Sad motherI think this goes WAY back for me. Young children sense things long before they understand things. They develop their own kind of reasoning long before they have conscious thoughts about the events around them. My early sense was that I had to make sure my mother was OK. It seemed my job to make sure she was not upset, overwhelmed, sad, or anything that might cause her to walk out of the room and never come back, or to fall into a heap and not be OK anymore.

But of course she was upset and overwhelmed. She had too many sons too early! She had a husband who was married to the church! She had too much to do and not enough time, and she was in her 20s! And she was frequently sick. And of course she was sad. Her father had died the year before I was born.

All of that is to say, she had a lot going on that I didn’t know or understand. I was a kid. Knowing and understanding those kinds of things was above my pay grade and maturity level. But I felt it, and I thought I needed to do something to make sure she was OK, because only if she was OK would I be OK as well.

So what’s a kid to do? You become compliant, a peacemaker, a pleaser. You try not to disappoint or inconvenience people. You act responsible, you feel responsible, sometimes for things way out of you area. You show up, you avoid looking foolish, and you avoid conflict. OK, maybe YOU don’t do all those things, but I did. And still do.

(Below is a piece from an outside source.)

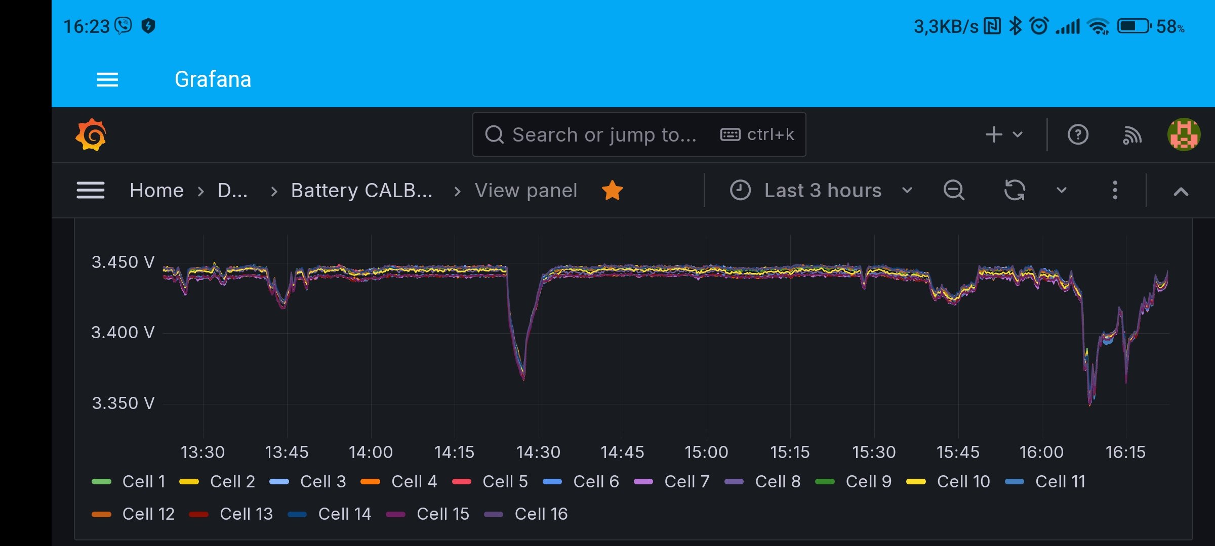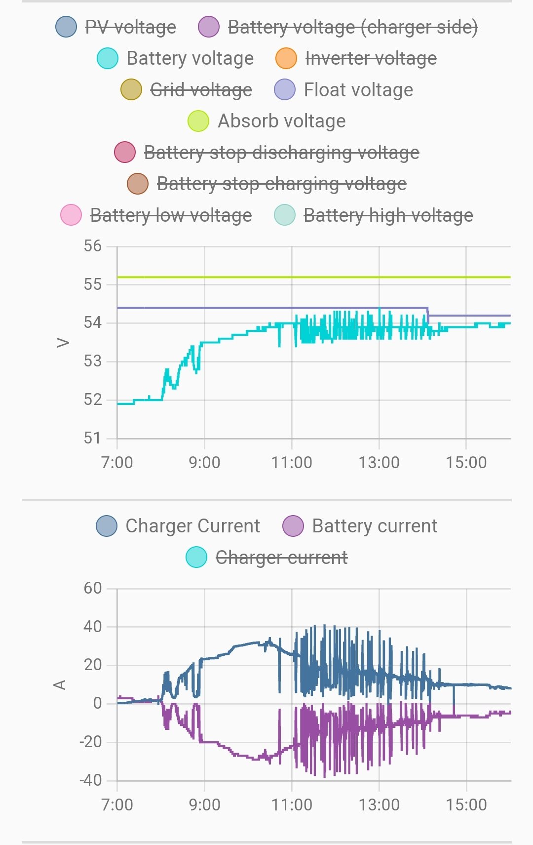 teraz ked pozeram grafy dobijania (3.4. bola bateria rano na 30% a do poobedia ju podla bms dostalo na 100%), ale ani omylom sa nedostala na absorcne napatie ako keby celu dobu menic isiel vo floate a nedosiahlo sa ani balacne napatie 3,38V/clanok, iba to cyklovalo (chvilami vybijalo bateriu vlastnou spotrebou) napriek tomu, ze bolo cely den u nas jasno.

And those things create addictive ways of thinking and interacting. Like everyone else, my way of thinking and interacting seemed completely normal to me, and it took me years to realize not everyone thinks, feels, or views things the way I do. My way is just as unique and just as crazy as everyone else’s. Fortunately, most of us fall within a tolerable norm so that our unique brand of crazy doesn’t stand out too much.

All of this is to say that during Lent, a time of reflection and mindfulness, one of the things I am paying attention to is my own brand of crazy, my own addictive way of looking at the world and at others. I have to recognize my addictive thinking, own it, and confess it before I can make a clear choice to do things differently. That’s what this season is about for me.